'''

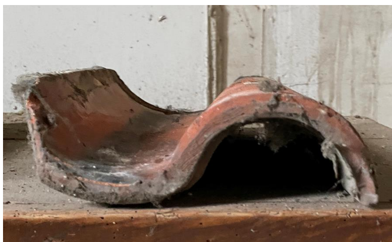
Fot. 1. – Oryginalna dachówka z lat 30. XX wieku – widok od czoła.
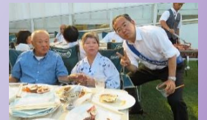
屋外ガーデンでの楽しく美味しいバーベキュー
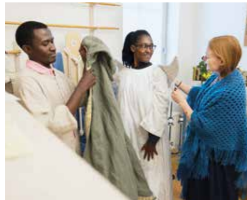
Påklädning inför påskspelen.

”I mässan i Tanzania är det normalt med upp mot 300 personer.
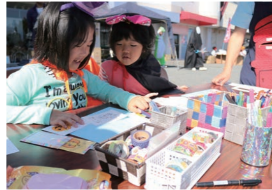
しばざくら通り商店街(野村町)のイベントで仮装をしてワークショップを楽しむ子どもたち
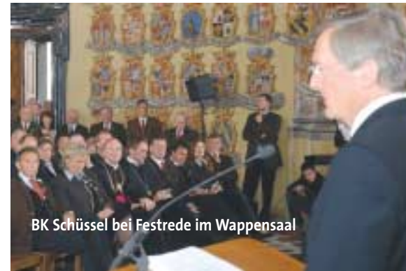
BK Schüssel bei Festrede im Wappensaal
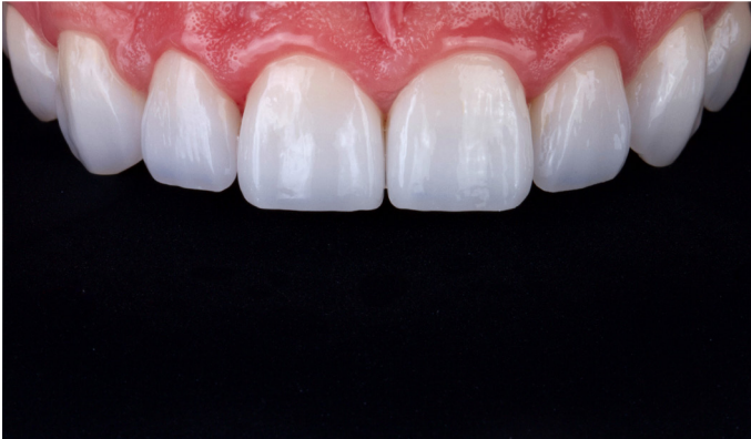
Fig. 13: El resultado de la restauración altamente estético obtenido con VITABLOCS TriLuxe forte.

cerámica de feldespato. En el proceso, VITABLOCS TriLuxe forte se reveló como una verdadera alternativa económica a la estratificación sobre muñones pirorresistentes o láminas de platino, lo cual permitirá a un grupo aún mayor de pacientes acceder a intervenciones cosméticas de este tipo.

'''

Exercise brief: Omit every image. Quote each record exactly.

Task response:
Fot. 1. – Oryginalna dachówka z lat 30. XX wieku – widok od czoła.
屋外ガーデンでの楽しく美味しいバーベキュー
Påklädning inför påskspelen.

”I mässan i Tanzania är det normalt med upp mot 300 personer.
しばざくら通り商店街(野村町)のイベントで仮装をしてワークショップを楽しむ子どもたち
BK Schüssel bei Festrede im Wappensaal
Fig. 13: El resultado de la restauración altamente estético obtenido con VITABLOCS TriLuxe forte.

cerámica de feldespato. En el proceso, VITABLOCS TriLuxe forte se reveló como una verdadera alternativa económica a la estratificación sobre muñones pirorresistentes o láminas de platino, lo cual permitirá a un grupo aún mayor de pacientes acceder a intervenciones cosméticas de este tipo.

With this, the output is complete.